Survey banner
The Dataiku Community is moving to a new home! We are temporary in read only mode: LEARN MORE

Combining Training and Unlabelled Data Using Stack Recipe Cause Data Leakage

ajayrathode
Level 1
Combining Training and Unlabelled Data Using Stack Recipe Cause Data Leakage

Hi, 

I am following Academy Learning Path. Those content is great.

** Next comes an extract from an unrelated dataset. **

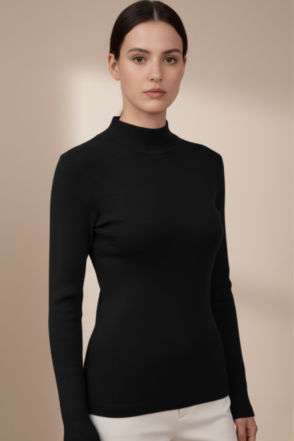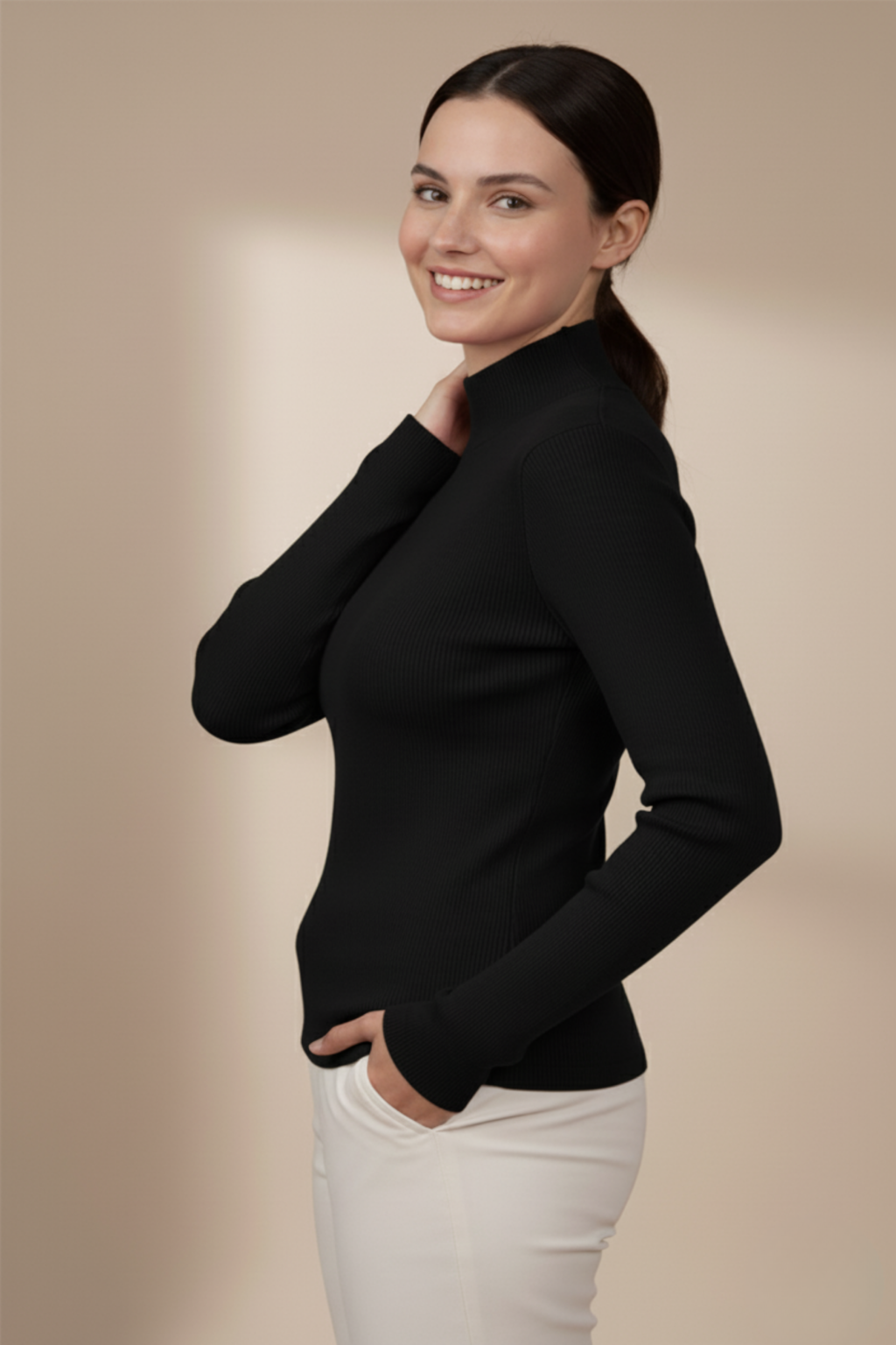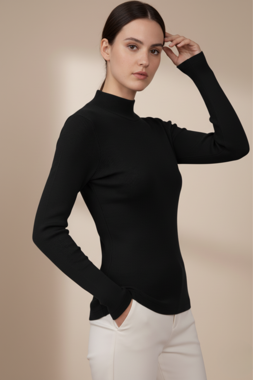Kadın Siyah Balıkçı Yaka Bluz, şıklığın en sade ve etkileyici halini sunuyor. Siyah rengin güçlü ve zamansız duruşu, her stile uyum sağlarken, balıkçı yaka detayı asil bir görünüm kazandırır. Vücudu zarifçe saran esnek kumaşı, hem rahatlık hem de zarafet sunar. İster klasik bir pantolonla ister etekle kombinleyin; bu bluz her ortamda stilinizi bir adım öne taşır. Minimal, şık ve her zaman moda!

But Under ML Practitioner> Scoring Basics. > Concept Scoring Data

It was shown that Unlabelled data that we use for scoring using the model will be combined with training data using stack recipe and gone through all pre processing steps so that it is prepared to be consumed by model for prediction. 

 

But this is definitely a bad practice as rescaling features, doing imputation etc.. combinely cause data leakage from training data to Unseen/Unlabelled data.

 

Could some throw some light if i am missing something

0 Kudos
3 Replies
SeanA
Community Manager
Community Manager

Hi @ajayrathode , thanks very much for sharing your feedback! We'll take this into consideration as we look to improve the content.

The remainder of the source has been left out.